→ What you should do
Pictures aside, quote the whole listing exactly.

→ Provided data
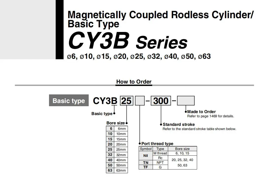 Номер моделиCY3B Series Magnetically Coupled Rodless Cylinder
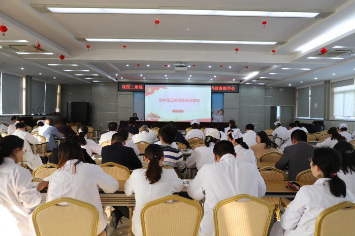 李萍以《新中国卫生健康事业发展》为题,围绕卫生健康事业发展的形势政策报告了三个方面的内容。她一是从医疗服务的可及性明显改善、群众健康指标持续向好、医疗保障全民覆盖、公共卫生防控能力提升、医疗医药水平突破五个方面介绍了我国卫生健康事业发展取得的重大成就,解读了新中国成立以来卫生工作的方针政策,回顾了医疗卫生体制改革的探索历程,总结了70年卫生健康事业在党的坚强领导下开创的一条中国特色之路;二是对习近平健康中国建设系列论述思想精髓进行深入讲解;三是阐述全力推进健康中国战略需要完成的各项重点任务。报告最后,李萍对新形势下二附院如何建设发展提出了思考,强调二附院人要把握机遇,迎接挑战,牢记使命,努力拼搏。她号召全院广大职工要不忘医者初心,牢记服务人民健康使命,立足70年院庆新起点,提高医疗技术水平,改善医疗服务质量,提升医院现代化管理水平,为医疗卫生事业,为医学教育事业发展再立新功!
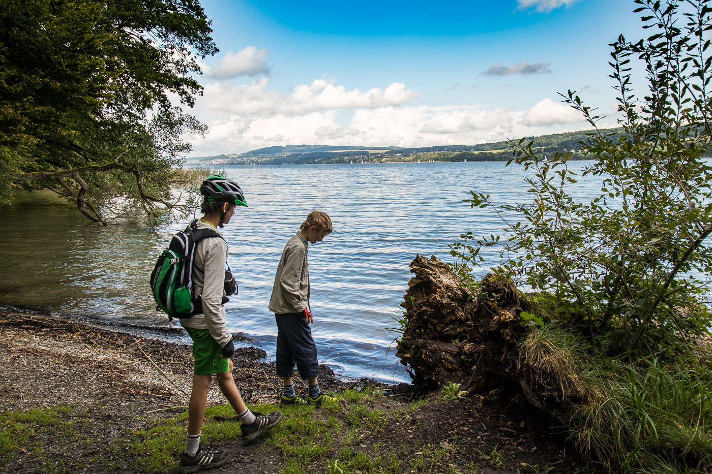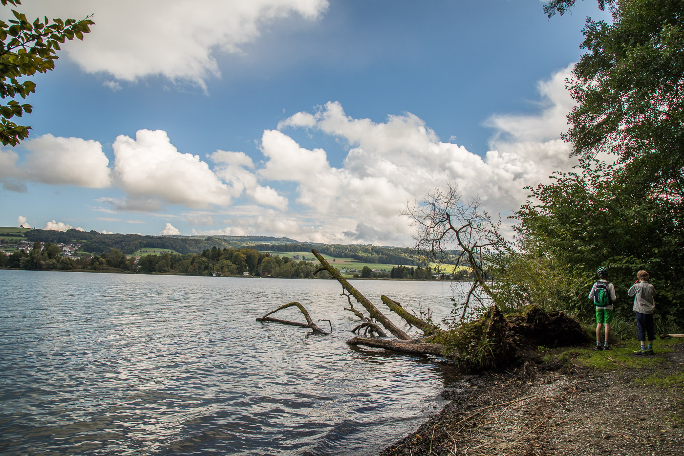 Wir haben nun die Wahl: Rechts nach Meisterschwanden und mit dem Schiff zurück, oder nach links dem See entlang nach Beinwil. Wir entscheiden uns für die zweite Variante, was sich im Nachhinein noch als gute Wahl herausstellen soll. Bei Mosen müssen wir leider 500 Meter auf der vielbefahrenen Kantonsstrasse radeln, Wir fahren auf dem Radweg von Mosen Richtung Beinwil, ehe wir rechts in den Wald einbiegen. Am Hallwilersee legen wir nochmals eine Pause ein, bevor wir via Beinwil wieder nach Hause fahren. Eine halbe Stunde später regnet und donnert es, und das nicht knapp. Ich würde sagen: Perfektes Timing.
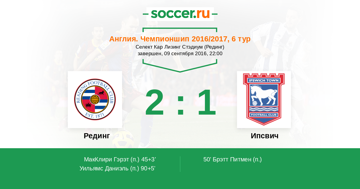 Протокол матча Рединг против Ипсвич
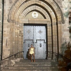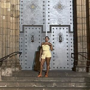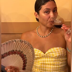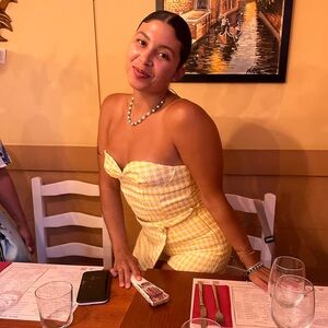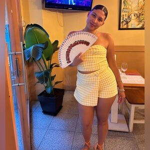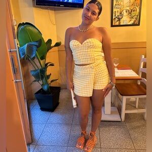 Chic strapless top with matching mini skirt. Yellow and white checkered pattern. Perfect for summer outings.

→ Task solution
 Номер моделиCY3B Series Magnetically Coupled Rodless Cylinder
 李萍以《新中国卫生健康事业发展》为题,围绕卫生健康事业发展的形势政策报告了三个方面的内容。她一是从医疗服务的可及性明显改善、群众健康指标持续向好、医疗保障全民覆盖、公共卫生防控能力提升、医疗医药水平突破五个方面介绍了我国卫生健康事业发展取得的重大成就,解读了新中国成立以来卫生工作的方针政策,回顾了医疗卫生体制改革的探索历程,总结了70年卫生健康事业在党的坚强领导下开创的一条中国特色之路;二是对习近平健康中国建设系列论述思想精髓进行深入讲解;三是阐述全力推进健康中国战略需要完成的各项重点任务。报告最后,李萍对新形势下二附院如何建设发展提出了思考,强调二附院人要把握机遇,迎接挑战,牢记使命,努力拼搏。她号召全院广大职工要不忘医者初心,牢记服务人民健康使命,立足70年院庆新起点,提高医疗技术水平,改善医疗服务质量,提升医院现代化管理水平,为医疗卫生事业,为医学教育事业发展再立新功!
 Wir haben nun die Wahl: Rechts nach Meisterschwanden und mit dem Schiff zurück, oder nach links dem See entlang nach Beinwil. Wir entscheiden uns für die zweite Variante, was sich im Nachhinein noch als gute Wahl herausstellen soll. Bei Mosen müssen wir leider 500 Meter auf der vielbefahrenen Kantonsstrasse radeln, Wir fahren auf dem Radweg von Mosen Richtung Beinwil, ehe wir rechts in den Wald einbiegen. Am Hallwilersee legen wir nochmals eine Pause ein, bevor wir via Beinwil wieder nach Hause fahren. Eine halbe Stunde später regnet und donnert es, und das nicht knapp. Ich würde sagen: Perfektes Timing.
 Протокол матча Рединг против Ипсвич
 Chic strapless top with matching mini skirt. Yellow and white checkered pattern. Perfect for summer outings.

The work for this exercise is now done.